Nobel Prize-Winning Laser Technology to Help Find Earth-like Planets
30 May 2012
The new technology of laser frequency combs (eso0826)  has now been tested with the HARPS  planet-finder on the ESO 3.6-metre telescope at the La Silla Observatory in Chile. Frequency combs provide reference light sources of extraordinary stability and have the potential to allow HARPS and similar instruments to make much more precise measurements than is currently possible . This novel technique is expected to become a revolutionary tool for the astronomical community and help astronomers to find Earth-like planets in the habitable zones around nearby stars.
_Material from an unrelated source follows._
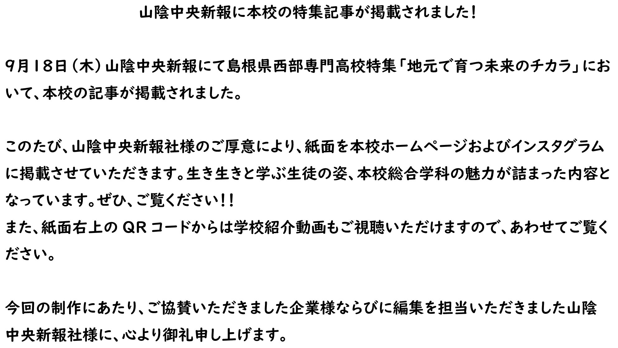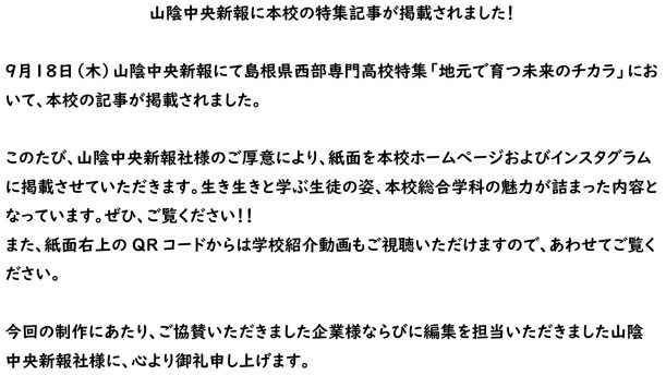ホーム お知らせ 山陰中央新報に本校の特集記事が掲載されました! NEWSお知らせ 2025.09.19 イベント情報 山陰中央新報に本校の特集記事が掲載されました! 山陰中央新報の記事はこちら、ご協賛いただいた企業様はこちらです。 一覧に戻る

The results are being presented in a paper to appear in the 31 May 2012 edition of the journal Nature.
A team of scientists from ESO, the Max Planck Institute of Quantum Optics (MPQ, Garching, Germany) and the Instituto de Astrofisica de Canarias (IAC, Tenerife, Spain) — led by Tobias Wilken, a researcher at MPQ — has used a laser frequency comb to perform a test observing run with HARPS. When using the new laser comb, the attainable precision of the measurements was found to have improved by a factor of at least four when compared to the limit achieved using older hollow-cathode lamp technology.
By applying this technique for the first time with HARPS, they mapped the orbit of the known planet orbiting the star HD75289. These measurements were consistent with previous results, showing the robustness of this tool for use with the next generation of spectrographs.
The frequency comb that was tested is a prototype of a system that is being developed by a collaboration between ESO, MPQ, Menlo Systems GmbH (Germany), the IAC and the Universidade Federal do Rio Grande do Norte (Brazil). It will be installed for routine operations in HARPS in the near future.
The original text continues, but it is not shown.